▶ _WHAT TO WORK ON_
Everything from the line containing "Andrew Carnegie's An" through the last line of the entries needs to be repeated exactly. Pictures must be left out.

▶ _INFORMATION SUPPLIED_

··········

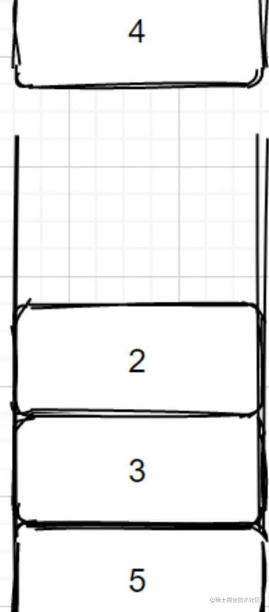 基本的栈的概念在这里就不细聊了,单调栈的含义就是栈内的元素是单调的(就是成正比或反比),下面的题目是递减栈,我们依次将元素压入栈,如果当前元素小于等于栈顶元素则入栈,如果大于栈顶元素则将栈顶不断出栈,直到当前元素小于或者等于栈顶元素为止,再将当前元素入栈。就比如下图的4,想入栈的话则需要2,3出栈之后才能入栈,因为4大于他俩。
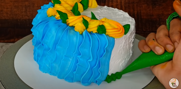- Next, using a star nozzle make yellow roses and small dots on the top of the cake near the blue waves.
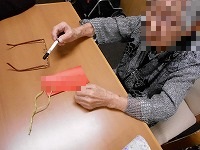 連日の雨模様の中、入居者の皆様に、七夕飾りと一緒に飾る短冊に願いごとを書いて頂きました。
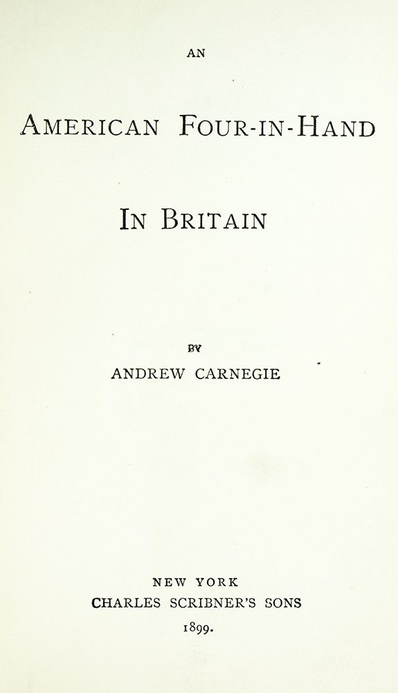 Andrew Carnegie's An American Four-in-Hand in Britain; Inscribed by Him to His Attorney
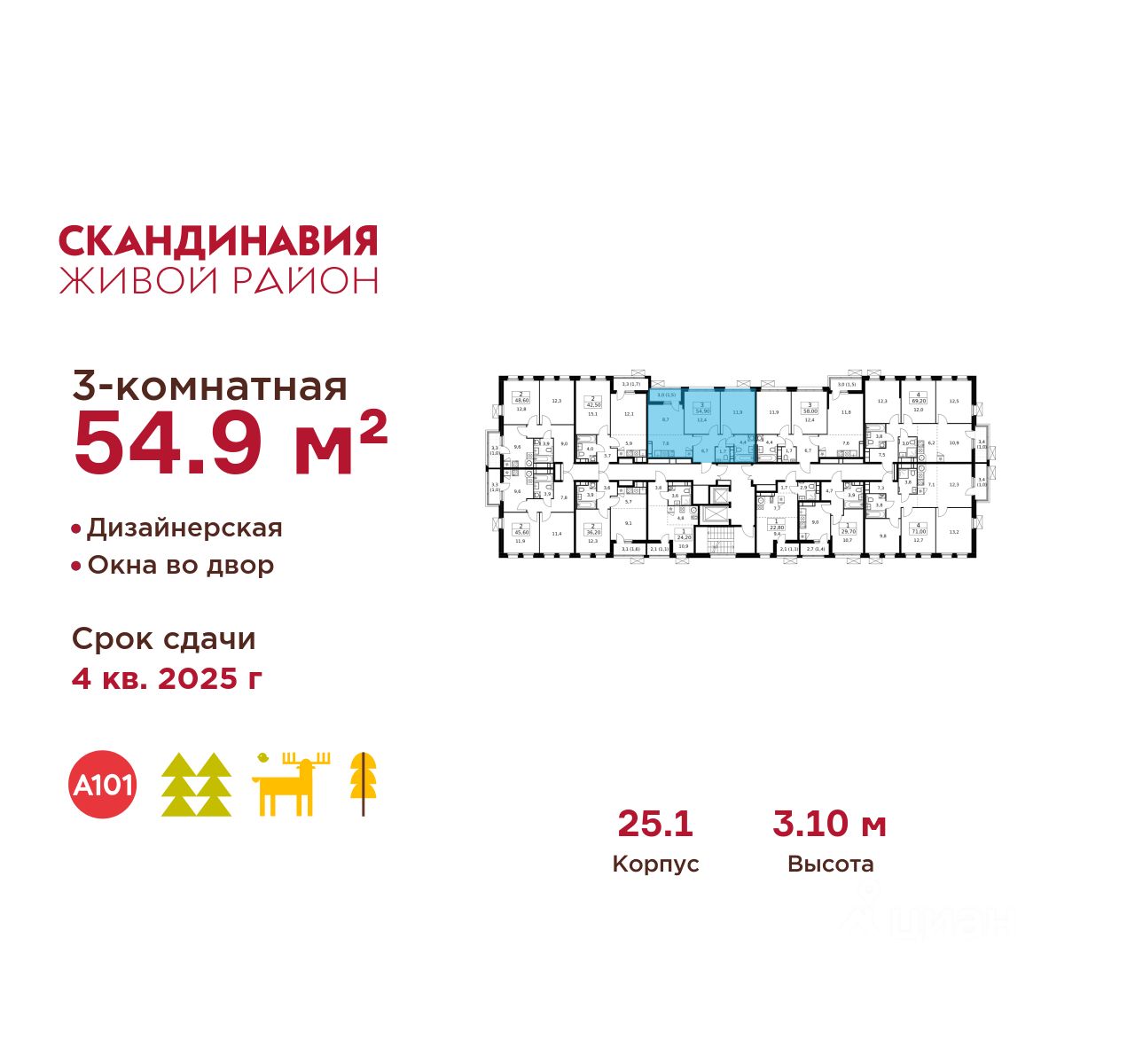 Продается трехкомнатная квартира 127 в новостройке Жилой район "Скандинавия" по адресу Москва, ТиНАО, Новомосковский АО, Сосенское С/П, Коммунарка пос., жилой комплекс Скандинавия, 25.1, район Коммунарка, Новомосковский административный округ, Москва. Общая площадь квартиры - 54.90 кв. м., этаж 13 из 14, секция 1. Тип проекта, по которому построен дом - монолит, компания-застройщик - ООО "А101". Стоимость квартиры - 29432439 Р. Срок сдачи - 1 квартал 2026.

··········

▶ _RESPONSE TO THIS EXERCISE_
 Andrew Carnegie's An American Four-in-Hand in Britain; Inscribed by Him to His Attorney
 Продается трехкомнатная квартира 127 в новостройке Жилой район "Скандинавия" по адресу Москва, ТиНАО, Новомосковский АО, Сосенское С/П, Коммунарка пос., жилой комплекс Скандинавия, 25.1, район Коммунарка, Новомосковский административный округ, Москва. Общая площадь квартиры - 54.90 кв. м., этаж 13 из 14, секция 1. Тип проекта, по которому построен дом - монолит, компания-застройщик - ООО "А101". Стоимость квартиры - 29432439 Р. Срок сдачи - 1 квартал 2026.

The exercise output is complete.